Debo comenzar diciendo que mi padre no tenía
carrera universitaria, porque desde los 14 años tuvo que trabajar para enfrentarse
a la vida. No obstante, como amante de la música y la literatura, poco a poco
fue formando una biblioteca doméstica, que cuenta con varios centenares de
libros comprados a lo largo de su vida, donde se puede ver su itinerario
espiritual.
Federico García Lorca, Antonio Machado,
Rubén Darío y Andrés Eloy Blanco, entre
otros, ocupan los estantes de la poesía;
en otro lugar está la filosofía, desde los griegos hasta los
existencialistas; también están allí las
crónicas históricas o los forjadores del mundo moderno. Y como no, la literatura,
con los infaltables Shakespeare o Cervantes,
así como como los Bestsellers que el comercio editorial publica todos los años.
Todos esos libros son testigos de largos años de consulta y
entretenimiento.
Repito, es una biblioteca doméstica, que fue formando durante
años un hombre que culturalmente se hizo a sí mismo; que no tuvo la
oportunidad de ir a la universidad a
estudiar letras, pero tenía una pasión por ellas, como lo evidencia el hecho que, el nombre sus
hijos, Gustavo Adolfo y Andrés Eloy, pretende rendir honor a los grandes poetas que inspiraban sus
momentos de lectura.
Allí está el primer libro que leí en mi
vida: una versión resumida de la obra Cazadores Blancos de Al Junter, publicada en una recopilación de Selecciones
de Rader´s Digest. Así comenzó mi interés por la lectura, que se lo debo indiscutiblemente
a mi padre.
Hoy, los maestros se quejan de que los
jóvenes no leen. El problema es que no los enseñan a leer. Una cosa es aprender las letras y el
significado de las palabras, y otra, muy diferente, hacer que el joven “se sumerja en el libro”. Para leer hay
que tener una disciplina mental y saber concentrarse en un solo objeto: el
libro. Esto es muy difícil para el hombre de este tiempo, que está pendiente de muchas cosas a la vez: el
teléfono, la televisión, la música etc. La lectura no es fácil para personas desconcentradas y, peor aún,
para los jóvenes que están acostumbrados desde pequeños a las imágenes y a
los videos juegos.
Mi padre tenía una estrategia para inducir
a leer: echaba un cuento sobre la trama del libro, dejando siempre una
incertidumbre misteriosa que inmediatamente atrapaba. Claro, debo reconocer, que en tiempos en que no existía la televisión,
la lectura era en muchas ocasiones la única opción de entretenimiento.
Hace algo más de un año, me comentó un
amigo, que vino de visita al país un profesor de una universidad madrileña, y cuando lo invito a cenar a su casa le dijo:
es la primera casa donde veo libros. Es
así, lamentablemente las bibliotecas
domesticas están desapareciendo, muchas veces por obra de sedicentes
decoradores, que pretenden borrar la
historia familiar para imponer las nuevas reglas ornamentales.

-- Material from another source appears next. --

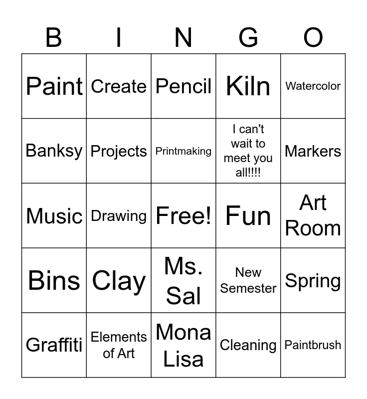 This bingo card has a free space and 24 words: Clay, Elements of Art, Printmaking, Graffiti, Watercolor, Paint, Banksy, Create, Fun, Ms. Sal, I can't wait to meet you all!!!!, Music, New Semester, Spring, Projects, Cleaning, Art Room, Pencil, Markers, Drawing, Paintbrush, Bins, Kiln and Mona Lisa.

Había pensado escribir un artículo sobre algo que está en el tapete y parece
que no se conoce: el Poder Constituyente. Pero el cumpleaños de mi padre me obligó
a acercarme a su biblioteca y abrir
aleatoriamente algunos libros. Allí me encontré
con los versos de Rubén Darío que
sobre la vida y el destino dicen: “Dichoso el Árbol que es apenas sensitivo, y
más la piedra dura porque esa ya no siente, pues no hay dolor más grande que el
dolor de ser vivo, ni mayor pesadumbre que la vida consciente. Ser, y no saber
nada, y ser sin rumbo cierto, y el temor de haber sido y un futuro terror… Y el
espanto seguro de mañana estar muerto. Y sufrir por la vida y por las sombra, y
por lo que no conocemos y apenas
sospechamos, y la carne que tienta con
sus frescos racimos y la tumba que aguarda con sus fúnebres ramos. Y no saber a
dónde vamos ni de dónde venimos”
Eso me dijo hoy la biblioteca de mi padre, a la que debo parte importante de lo que he aprendido y
de lo que he soñado. Gracias papá.
(twitter @zaqueoo)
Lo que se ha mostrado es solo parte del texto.